Material provided ▸
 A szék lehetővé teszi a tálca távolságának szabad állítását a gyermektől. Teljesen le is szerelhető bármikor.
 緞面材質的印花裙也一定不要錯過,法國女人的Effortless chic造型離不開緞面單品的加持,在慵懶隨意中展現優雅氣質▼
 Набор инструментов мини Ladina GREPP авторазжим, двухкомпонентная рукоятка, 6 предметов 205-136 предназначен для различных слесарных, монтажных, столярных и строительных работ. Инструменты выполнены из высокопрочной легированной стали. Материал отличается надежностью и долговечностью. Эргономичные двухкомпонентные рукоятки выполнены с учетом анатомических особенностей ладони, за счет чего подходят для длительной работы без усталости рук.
==
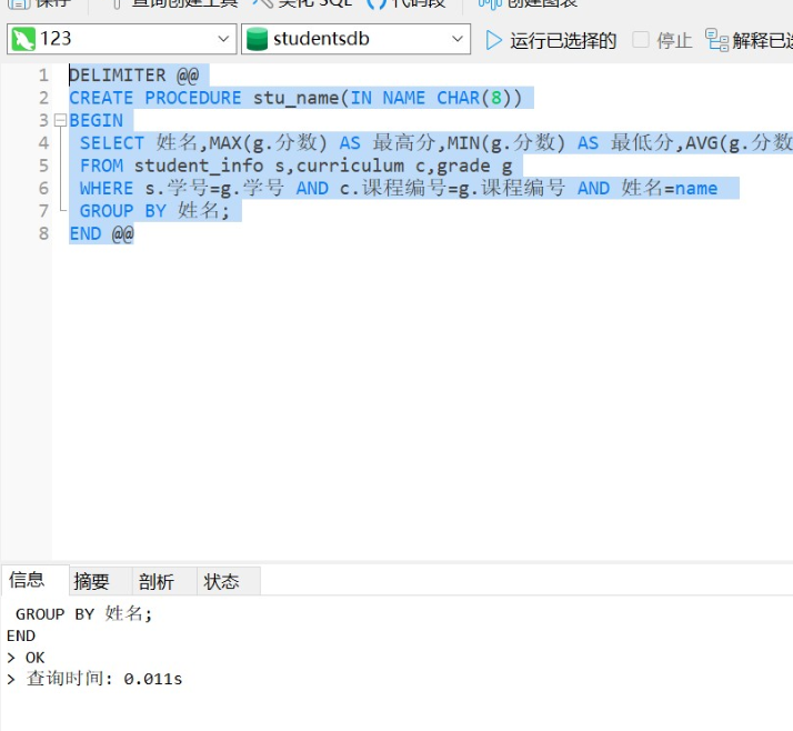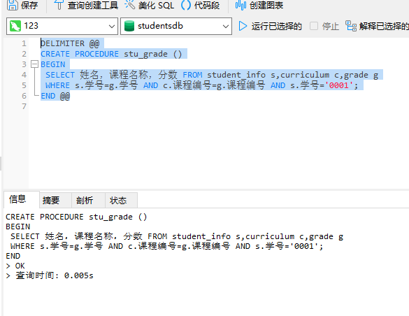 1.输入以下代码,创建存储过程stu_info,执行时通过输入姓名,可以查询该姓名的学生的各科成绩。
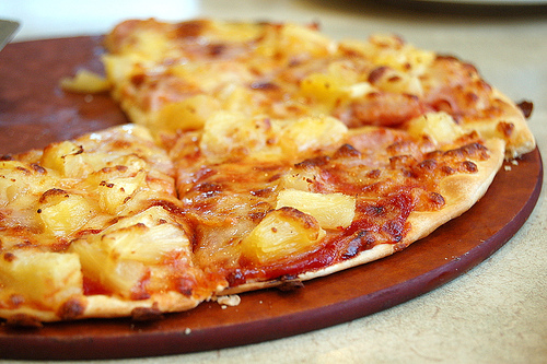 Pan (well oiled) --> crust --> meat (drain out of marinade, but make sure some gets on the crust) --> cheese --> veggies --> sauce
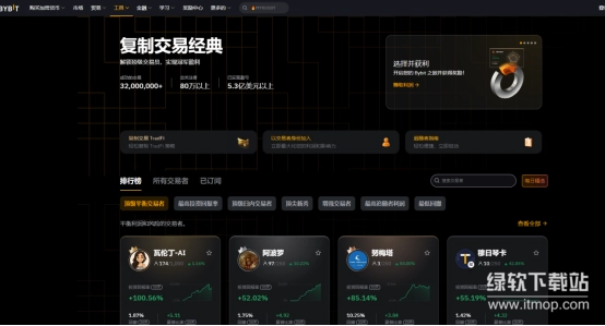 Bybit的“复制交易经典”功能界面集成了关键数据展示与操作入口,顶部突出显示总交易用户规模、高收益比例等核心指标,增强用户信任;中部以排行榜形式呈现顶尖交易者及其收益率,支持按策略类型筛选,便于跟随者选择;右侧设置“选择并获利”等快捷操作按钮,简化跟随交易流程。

About this task ▸
Looking at the records above, return exactly the lines from the line with "A szék lehetővé" to the line with "緞面材質的印花裙也一定不要錯", both ends included.

Result ▸
 A szék lehetővé teszi a tálca távolságának szabad állítását a gyermektől. Teljesen le is szerelhető bármikor.
 緞面材質的印花裙也一定不要錯過,法國女人的Effortless chic造型離不開緞面單品的加持,在慵懶隨意中展現優雅氣質▼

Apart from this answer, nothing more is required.